The Talented Mr. Ripley is presented in a stunning 1.85:1 anamorphic transfer. The colors are very bright and vivid, and with a lot of the scenic shots taking place in Eurpor (in fact, most all of them take place there), we are treated to a visually superior film. Fleshtones are dead on as are black levels. The anamorphic transfer also eliminates the shimmering that we’re so used to as well as the digital artifacting and compression errors that are found on a lot of discs (even some that are 16:9 enhanced). Overall, The Talented Mr. Ripley is as much a visual accomplishment as it is a literay one. A great transfer that I personally could find nothing wrong with.

Audio: How does it sound?

While the audio of this disc will not exactly bring the house down, it’s a very solid mix. In one of the opeing scenes, Tom plays the piano and the dynamics of it sounds absolutely great. Later on he is playing the piano again and it’s equally as impressive. Dialogue is free of distortion and sounds very well-balanced, and surround effects, while few are far between do the job and make this soundtrack sound all the better. Again, this soundtrack isn’t something to show off your system with, but it’s a good, solid soundtrack that does it’s job and makes the movie all the more interesting.
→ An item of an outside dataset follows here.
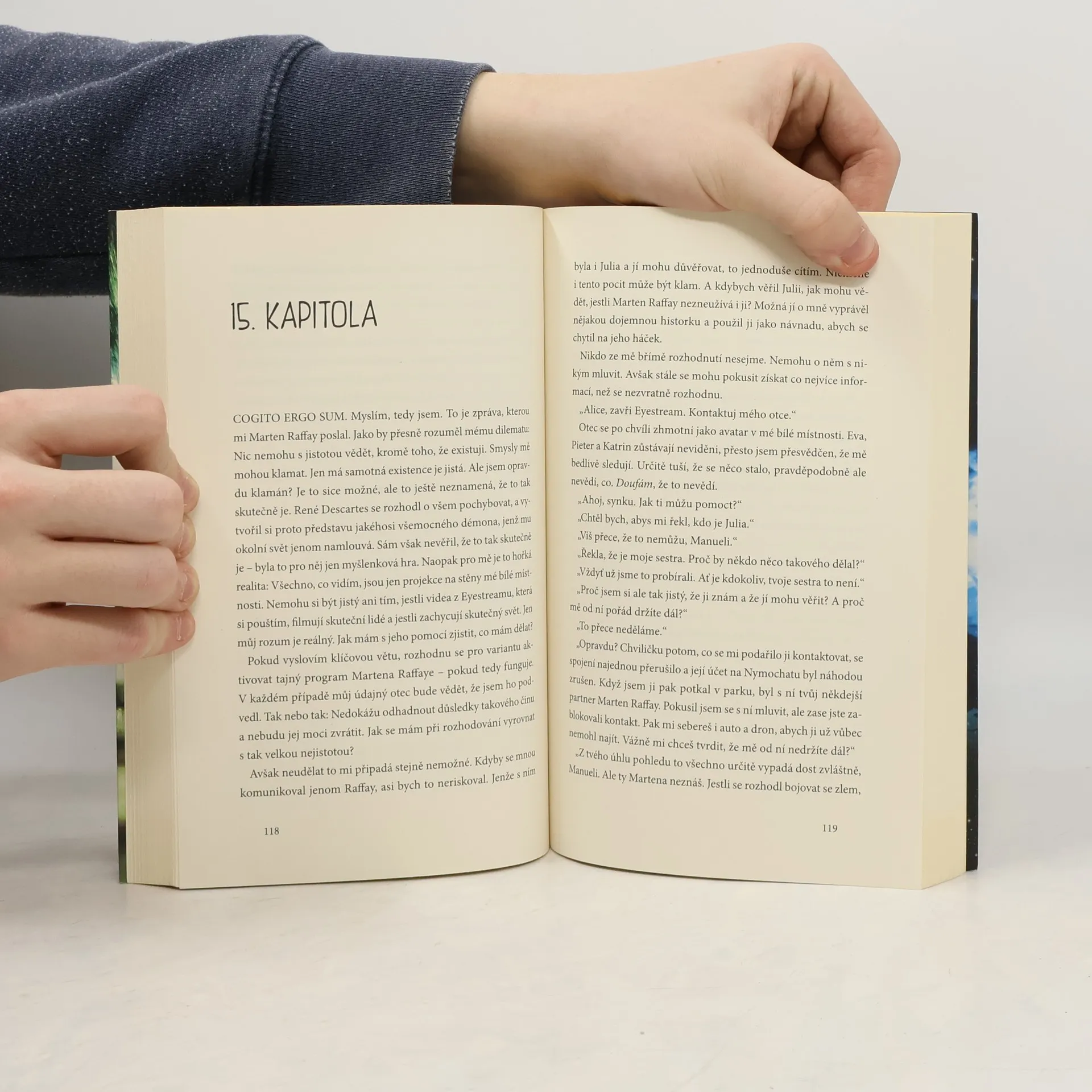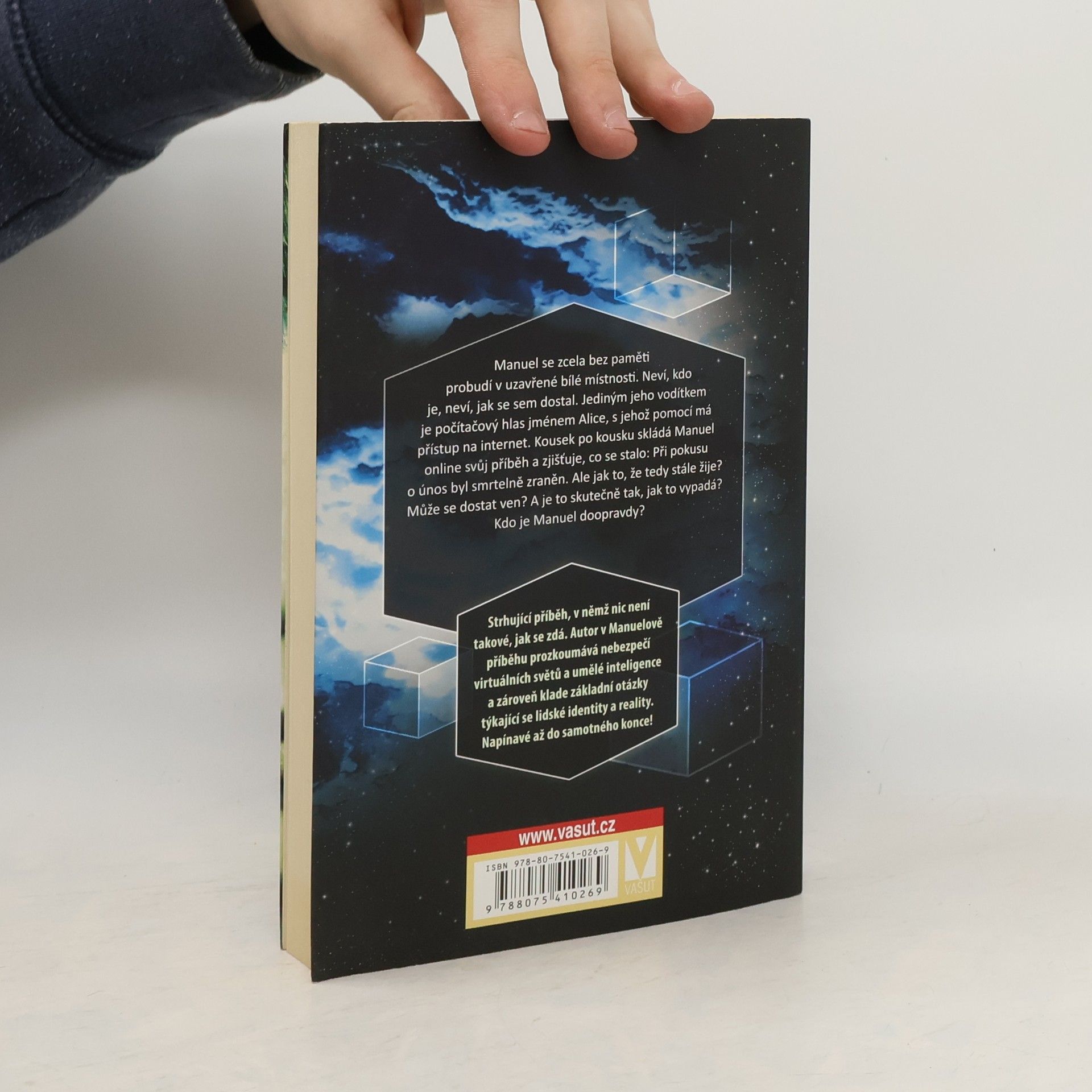 Manuel se zcela bez paměti probudí v uzavřené bílé místnosti. Neví, kdo je, neví, jak se sem dostal. Jediným jeho vodítkem je počítačový hlas jménem Alice, s jehož pomocí má přístup na internet. Kousek po kousku skládá Manuel online svůj příběh a zjišťuje, co se stalo: Při pokusu o únos byl smrtelně zraněn. Ale jak to, že tedy stále žije? Může se dostat ven? A je to skutečně tak, jak to vypadá? Kdo je Manuel doopravdy? Strhující příběh, v němž nic není takové, jak se zdá. Autor v Manuelově příběhu prozkoumává nebezpečí virtuálních světů a umělé inteligence a zároveň klade základní otázky týkající se lidské identity a reality. Napínavé až do samotného konce!

Supplements: What are the extras?

Paramount is finally getting into the Special Edition game. While they stated off slow, they have been adding more and more “Special Edition” titles to their lineup, though the words have never graced the covers of their DVD’s. The Talented Mr. Ripley features, above all, a feature length commentary track with the director of the movie, Anthony Minghella. The commentary, while informative, is a bit slow compared to some of the other tracks out there that have more than one person narrating. Still, it’s a nice touch and is better to have than not to have on the disc. Also included is a featurette and a few music videos, while unpopular music to most, it’s another nice touch. Lastly, a documentary on the making of the soundtrack is included and it’s almost as important to watch as it is to listen to the commentary, as we learn that music is very important to the director. All in all, Paramount has put out a very nice edition here, and it being a very popular movie should pave the way for more Special Editions to come. Nice work.